Command line usage#
bench#
Collect performance metrics of published traditional or end-to-end image codecs.
usage: python -m compressai.utils.bench [-h] {} ...
Collect codec metrics.
positional arguments:
{} Select codec
options:
-h, --help show this help message and exit
eval_model#
Evaluate an end-to-end compression model on an image dataset.
usage: python -m compressai.utils.eval_model [-h] {pretrained,checkpoint} ...
Evaluate a model on an image dataset.
positional arguments:
{pretrained,checkpoint}
model source
options:
-h, --help show this help message and exit
find_close#
Find the closest codec quality parameter to reach a given metric (bpp, ms-ssim, or psnr).
- Example usages:
python -m compressai.utils.find_close webp ~/picture.png 0.5 --metric bpp
python -m compressai.utils.find_close jpeg ~/picture.png 35 --metric psnr --save
usage: python -m compressai.utils.find_close [-h]
[-m {bpp,psnr-rgb,ms-ssim-rgb}]
[--save]
{} ... image target
Collect codec metrics and performances.
positional arguments:
{} Select codec
image image filepath
target target value to match
options:
-h, --help show this help message and exit
-m {bpp,psnr-rgb,ms-ssim-rgb}, --metric {bpp,psnr-rgb,ms-ssim-rgb}
--save Save reconstructed image to disk
plot#
Simple plotting utility to display Rate-Distortion curves (RD) comparison between codecs.
usage: python -m compressai.utils.plot [-h] -f [...] [-m] [-t] [-o]
[--figsize ] [--axes ] [--backend]
[--show]
options:
-h, --help show this help message and exit
-f [ ...], --results-file [ ...]
-m , --metric Metric (default: psnr)
-t , --title Plot title
-o , --output Output file name
--figsize Figure relative size (width, height), default: (9, 6)

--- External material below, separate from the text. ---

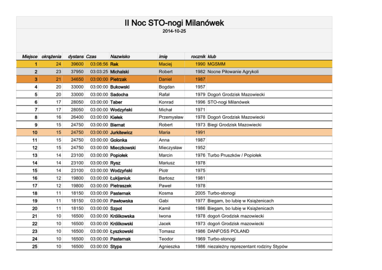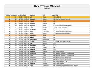 II Noc STO-nogi Milanówek 2014-10-25 Miejsce okrążenia dystans Czas Nazwisko imię rocznik klub 1 24 39600 03:08:56 Rek Maciej 1990 MGSMM 2 23 37950 03:03:25 Michalski Robert 1982 Nocne Piłowanie Agrykoli 3 21 34650 03:00:00 Pietrzak Daniel 1987 4 20 33000 03:00:00 Bukowski Bogdan 1957 5 20 33000 03:00:00 Sadocha Rafał 1979 Dogoń Grodzisk Mazowiecki 6 17 28050 03:00:00 Taber Konrad 1996 STO-nogi Milanówek 7 17 28050 03:00:00 Wodzyński Michał 1971 8 16 26400 03:00:00 Kiełek Przemysław 1978 Dogoń Grodzisk Mazowiecki 9 15 24750 03:00:00 Biernat Robert 1973 Biegi Grodzisk Mazowiecki 10 15 24750 03:00:00 Jurkitewicz Maria 1991 11 15 24750 03:00:00 Golonka Anna 1987 12 15 24750 03:00:00 Mieczkowski Mieczysław 1952 13 14 23100 03:00:00 Popiołek Marcin 1976 Turbo Pruszków / Popiołek 14 14 23100 03:00:00 Rysz Mariusz 1978 15 14 23100 03:00:00 Wodzyński Piotr 1975 16 12 19800 03:00:00 Łukijaniuk Bartosz 1981 17 12 19800 03:00:00 Pietraszek Paweł 1978 18 11 18150 03:00:00 Pasternak Kosma 2005 Turbo-stonogi 19 11 18150 03:00:00 Pawłowska Gabi 1977 Biegam, bo lubię w Książenicach 20 11 18150 03:00:00 Szpot Kamil 1986 Biegam, bo lubię w Książenicach 21 10 16500 03:00:00 Królikowska Iwona 1978 dogoń Grodzisk mazowiecki 22 10 16500 03:00:00 Królikowski Jacek 1973 dogoń Grodzisk mazowiecki 23 10 16500 03:00:00 Łyszkowski Tomasz 1986 DANFOSS POLAND 24 10 16500 03:00:00 Pasternak Teodor 1969 Turbo-stonogi 25 10 16500 03:00:00 Stypa Agnieszka 1986 niezależny reprezentant rodziny Stypów 26 10 16500 03:00:00 Warzecha Agnieszka 1981 Biegam na Tarchominie 27 10 16500 03:00:00 Warzecha Jolka 1984 Biegam na Tarchominie 28 10 16500 03:00:00 Zdziarski Piotr 1979 Dogoń Grodzisk Mazowiecki 29 9 14850 03:00:00 Helbin Katarzyna 1974 30 9 14850 03:00:00 Kmieć Andrzej 1978 Turbo Pruszków 31 9 14850 03:00:00 Kotkowski Piotr 1973 Geoblog Running Team 32 9 14850 03:00:00 Opaliński Grzegorz 1988 Danfoss Poland 33 8 13200 03:00:00 Golonka Dawid 2002 34 8 13200 03:00:00 Kowalczyk Juliusz 1990 35 8 13200 03:00:00 Łada Mariusz 1977 Drużynowa Liga Biegowa PKO Banku Polskiego 36 8 13200 03:00:00 Popiołek Miłosz 2005 Turbo Pruszków / Popiołki 37 8 13200 03:00:00 Sycan Krzysztof 1972 Drużynowa Liga Biegowa PKO Banku Polskiego 38 8 13200 03:00:00 Taber Jerzy 1966 STO-nogi Milanówek 39 7 11550 03:00:00 Andrzejewska Hania 2000 40 7 11550 03:00:00 Janasik Zuzia 2002 STO-nogi Milanówek 41 7 11550 03:00:00 Janasik Magda 2005 sto nogi janasiki 42 7 11550 03:00:00 Łada Marek 2008 43 7 11550 03:00:00 Newbery Kamilla 1969 44 7 11550 03:00:00 Popiołek Igor 2002 Turbo Pruszków 45 7 11550 03:00:00 Zagajewska Ewa 1983 46 6 9900 03:00:00 Łada Mariola 1977 47 6 9900 03:00:00 Prędkopowicz Daniel 1979 Dogoń/ Asraz Adventure Team/ Stowarzyszenie Europa i My 48 5 8250 03:00:00 Dulnik Marcin 49 5 8250 03:00:00 Mills Mike 1958 50 5 8250 03:00:00 Nowocień Jacek 1959 GLKS Nadarzyn 51 5 8250 03:00:00 Pietraszek Joanna 1978 52 4 6600 03:00:00 Duńska-Andrzejewska Ewa 1972 53 4 6600 03:00:00 Popiołek Katarzyna 1973 Turbo Pruszków / Popiołki 54 4 6600 03:00:00 Rytka Ewa 1973 55 4 6600 03:00:00 Ziubińska Marta 1981 56 3 4950 03:00:00 Łada Maciej 2006 57 3 4950 03:00:00 Żyto Agata 1974 The Żytos family 58 3 4950 03:00:00 Żyto Borys 2001 The Żytos family 59 2 3300 03:00:00 Dulnik Grzegorz 60 2 3300 03:00:00 Kmieć Zuzia 2002 Turbo Pruszków 61 2 3300 03:00:00 Żyto Maciej 1974 The Żytos family 62 1 1650 03:00:00 Łukijaniuk Ala 2010

--axes Axes limit (xmin, xmax, ymin, ymax), default:
autorange
--backend Change plot backend (default: matplotlib)
--show Open plot figure
update_model#
Update the CDFs parameters of a trained model.

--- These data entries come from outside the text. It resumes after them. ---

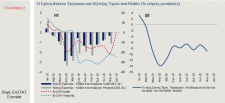 Η πορεία των τιμών αγαθών και υπηρεσιών, κατά τη διάρκεια του 2020, στην Ελλάδα, συμβαδίζει με την εξέλιξη του κύκλου εργασιών για τους αντίστοιχους κλάδους (Γράφημα 2α). Συγκεκριμένα, σύμφωνα με τα στοιχεία της ΕΛΣΤΑΤ για τις επιχειρήσεις με υποχρέωση τήρησης διπλογραφικών βιβλίων, ο κύκλος εργασιών των κλάδων που παρέχουν υπηρεσίες (περιλαμβάνει Χονδρικό και Λιανικό εμπόριο, Καταλύματα-Εστίαση, Μεταφορές, Χρηματοπιστωτικές και Ασφαλιστικές Δραστηριότητες, Δημόσιο Τομέα κ.λπ.) μειώθηκε, το πρώτο ενδεκάμηνο του 2020, σε σύγκριση με το αντίστοιχο διάστημα του 2019, κατά 15,5%, ενώ ο κύκλος εργασιών των κλάδων που αφορούν στην παραγωγή αγαθών (περιλαμβάνει Γεωργία, Βιομηχανία, Κατασκευές) μειώθηκε με ηπιότερο ρυθμό (-11,1%, σε ετήσια βάση).
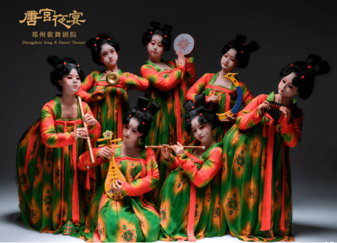 演员的整体造型来源于唐三彩的舞乐人俑,她们每个人的舞蹈动作都经过了精心的设计,不仅参考了众多出土的舞乐人俑的姿态,还借鉴了《韩熙载夜宴图》等大唐名画中舞乐歌姬的形象。
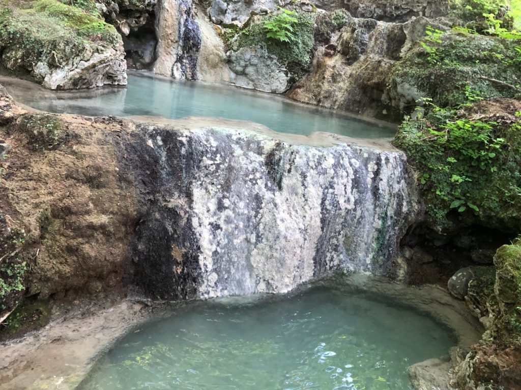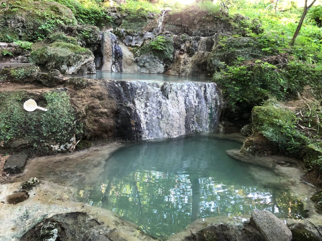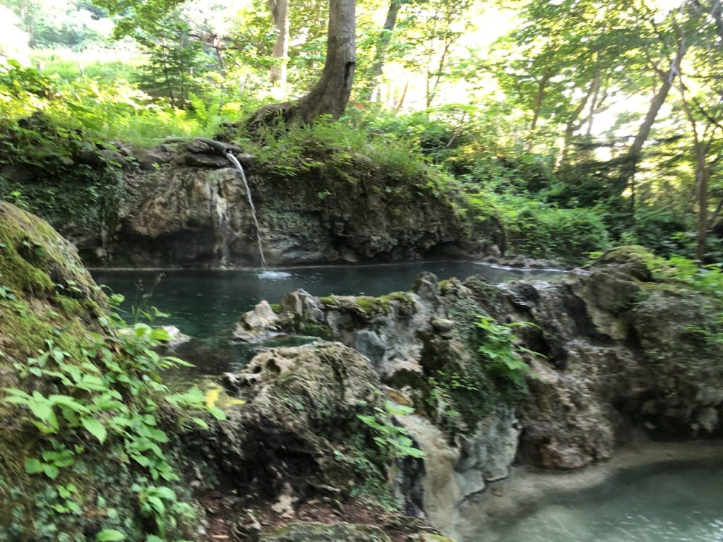 自然に溶け込んだ岩の浴槽は滝の様に流れ落ちて滝壺が浴槽になっていました。

To be called on a model checkpoint after training. This will update the internal CDFs related buffers required for entropy coding.
usage: python -m compressai.utils.update_model [-h] [-n NAME] [-d DIR]
[--no-update]
[-a {factorized-prior,jarhp,mean-scale-hyperprior,scale-hyperprior,ssf2020,bmshj2018-factorized,bmshj2018_factorized_relu,bmshj2018-hyperprior,mbt2018-mean,mbt2018,cheng2020-anchor,cheng2020-attn,bmshj2018-hyperprior-vbr,mbt2018-mean-vbr,mbt2018-vbr}]
filepath
Export a trained model to a new checkpoint with updated CDFs and a hash prefix
so that it can be loaded later via `load_state_dict_from_url`.
positional arguments:
filepath Path to the checkpoint model to be exported.
options:
-h, --help show this help message and exit
-n NAME, --name NAME Exported model name.

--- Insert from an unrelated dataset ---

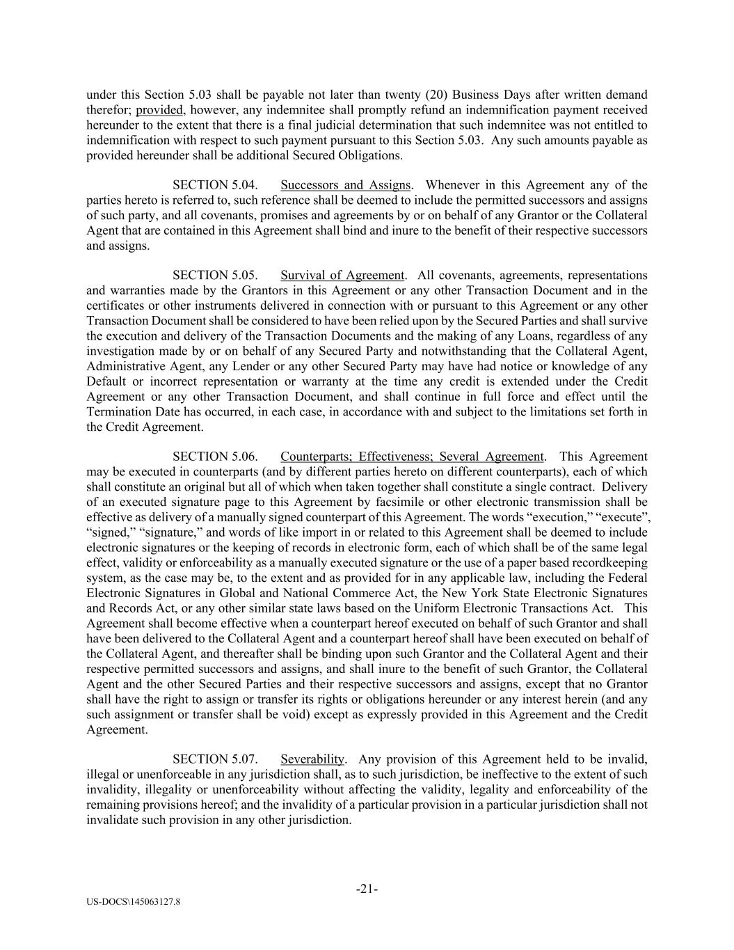 -21- US-DOCS\145063127.8 under this Section 5.03 shall be payable not later than twenty (20) Business Days after written demand therefor; provided, however, any indemnitee shall promptly refund an indemnification payment received hereunder to the extent that there is a final judicial determination that such indemnitee was not entitled to indemnification with respect to such payment pursuant to this Section 5.03. Any such amounts payable as provided hereunder shall be additional Secured Obligations. SECTION 5.04. Successors and Assigns. Whenever in this Agreement any of the parties hereto is referred to, such reference shall be deemed to include the permitted successors and assigns of such party, and all covenants, promises and agreements by or on behalf of any Grantor or the Collateral Agent that are contained in this Agreement shall bind and inure to the benefit of their respective successors and assigns. SECTION 5.05. Survival of Agreement. All covenants, agreements, representations and warranties made by the Grantors in this Agreement or any other Transaction Document and in the certificates or other instruments delivered in connection with or pursuant to this Agreement or any other Transaction Document shall be considered to have been relied upon by the Secured Parties and shall survive the execution and delivery of the Transaction Documents and the making of any Loans, regardless of any investigation made by or on behalf of any Secured Party and notwithstanding that the Collateral Agent, Administrative Agent, any Lender or any other Secured Party may have had notice or knowledge of any Default or incorrect representation or warranty at the time any credit is extended under the Credit Agreement or any other Transaction Document, and shall continue in full force and effect until the Termination Date has occurred, in each case, in accordance with and subject to the limitations set forth in the Credit Agreement. SECTION 5.06. Counterparts; Effectiveness; Several Agreement. This Agreement may be executed in counterparts (and by different parties hereto on different counterparts), each of which shall constitute an original but all of which when taken together shall constitute a single contract. Delivery of an executed signature page to this Agreement by facsimile or other electronic transmission shall be effective as delivery of a manually signed counterpart of this Agreement. The words “execution,” “execute”, “signed,” “signature,” and words of like import in or related to this Agreement shall be deemed to include electronic signatures or the keeping of records in electronic form, each of which shall be of the same legal effect, validity or enforceability as a manually executed signature or the use of a paper based recordkeeping system, as the case may be, to the extent and as provided for in any applicable law, including the Federal Electronic Signatures in Global and National Commerce Act, the New York State Electronic Signatures and Records Act, or any other similar state laws based on the Uniform Electronic Transactions Act. This Agreement shall become effective when a counterpart hereof executed on behalf of such Grantor and shall have been delivered to the Collateral Agent and a counterpart hereof shall have been executed on behalf of the Collateral Agent, and thereafter shall be binding upon such Grantor and the Collateral Agent and their respective permitted successors and assigns, and shall inure to the benefit of such Grantor, the Collateral Agent and the other Secured Parties and their respective successors and assigns, except that no Grantor shall have the right to assign or transfer its rights or obligations hereunder or any interest herein (and any such assignment or transfer shall be void) except as expressly provided in this Agreement and the Credit Agreement. SECTION 5.07. Severability. Any provision of this Agreement held to be invalid, illegal or unenforceable in any jurisdiction shall, as to such jurisdiction, be ineffective to the extent of such invalidity, illegality or unenforceability without affecting the validity, legality and enforceability of the remaining provisions hereof; and the invalidity of a particular provision in a particular jurisdiction shall not invalidate such provision in any other jurisdiction.

-d DIR, --dir DIR Exported model directory.
--no-update Do not update the model CDFs parameters.
-a {factorized-prior,jarhp,mean-scale-hyperprior,scale-hyperprior,ssf2020,bmshj2018-factorized,bmshj2018_factorized_relu,bmshj2018-hyperprior,mbt2018-mean,mbt2018,cheng2020-anchor,cheng2020-attn,bmshj2018-hyperprior-vbr,mbt2018-mean-vbr,mbt2018-vbr}, --architecture {factorized-prior,jarhp,mean-scale-hyperprior,scale-hyperprior,ssf2020,bmshj2018-factorized,bmshj2018_factorized_relu,bmshj2018-hyperprior,mbt2018-mean,mbt2018,cheng2020-anchor,cheng2020-attn,bmshj2018-hyperprior-vbr,mbt2018-mean-vbr,mbt2018-vbr}
Set model architecture (default: scale-hyperprior).